A number of Christians joined the lawsuit against Houston Mayor Sylvester Turner and Rhea Lawson, head of the city's library system, arguing that the events featuring drag queens reading to children are a promotion of secular religion, and violate the freedom of religion clause in the Constitution.
Chief U.S. District Judge Lee H. Rosenthal issued a short order, explaining the decision to deny a temporary restraining order while the case moves forward in only two sentences: "There is no basis to support the requested relief. The application is denied."
Houston businessman Tex Christopher, one of the plaintiffs, suggested that he will be pushing on with the lawsuit and will seek to make his arguments in court, the Houston Chronicle reported.
"I'm taking a stand for righteousness," Christopher said. "I'm calling out Mayor Turner."
The conservative activist insisted that the drag queen performers are looking to groom children to become transgender.
"Why would they want to do that? Transgender (people) have the highest suicide rate. Why would we want to groom our children to be transgender?" he asked.
Turner argued that the lawsuit is "frivolous," declaring Houston to be "the most diverse city in America."
"We acknowledge and celebrate that diversity in all its dimensions," the mayor positioned.
"As mayor of this city I want us to be diverse and inclusive and I want to live in a city where people can be who they are and we can be tolerant of people 's opinions, ideologies, sexual orientation, ethnicities, religion and cultures."
The lawsuit in question argued that same-sex marriage has given license to LGBT activists to "viciously and violently oppress Christians and to misuse government assets to indoctrinate minors to secular humanism."

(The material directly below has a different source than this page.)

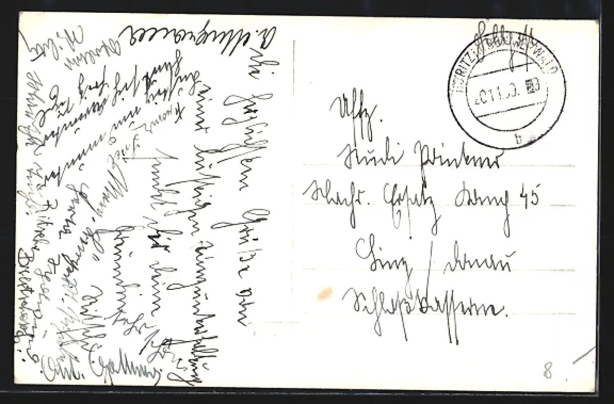 Personenbezogene Daten auf der Rückseite der Karte wurden durch blauen Textmarker unkenntlich gemacht. Die blauen Stellen sind auf die Vorderseite durchgeweicht und wirken sich negativ auf das Postkartenfoto aus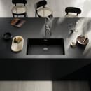 Med en særlig flad kant på kun 1 mm skaber den en næsten usynlig overgang til bordpladen, så vasken ser ud til at være integreret i selve bordet.

It also argues that "Drag Queen Story Hour" events are unlawful, because they expose children to "sexual immorality" and to "obscene speech" that violates "community standards of decency."
Schools have also been in hot water with some parents over hosting events allowing drag queen performers to read to children.
Several parents spoke out against a similar event at a public school in Colorado, though the performer, introduced as "Ms. Jessica," insisted that only topics about how to stand up to bullying were addressed.
"I went to four classes. In every class, one person asked me how to handle negativity and hate," the drag queen said. "There were a lot of kids interested in how I could have the confidence to go out looking the way I look."
Jessica added: "I would tell the parents, 'I'm not telling your kid to go off and become a drag queen. I'm telling them to have the conversations. Because, it will come up in life."Correction, October 28, 2018: An October 26, 2018 article stated that the lawsuit against Drag Queen Story Hour had been dismissed. A request for a temporary restraining order while the case move forward had been dismissed.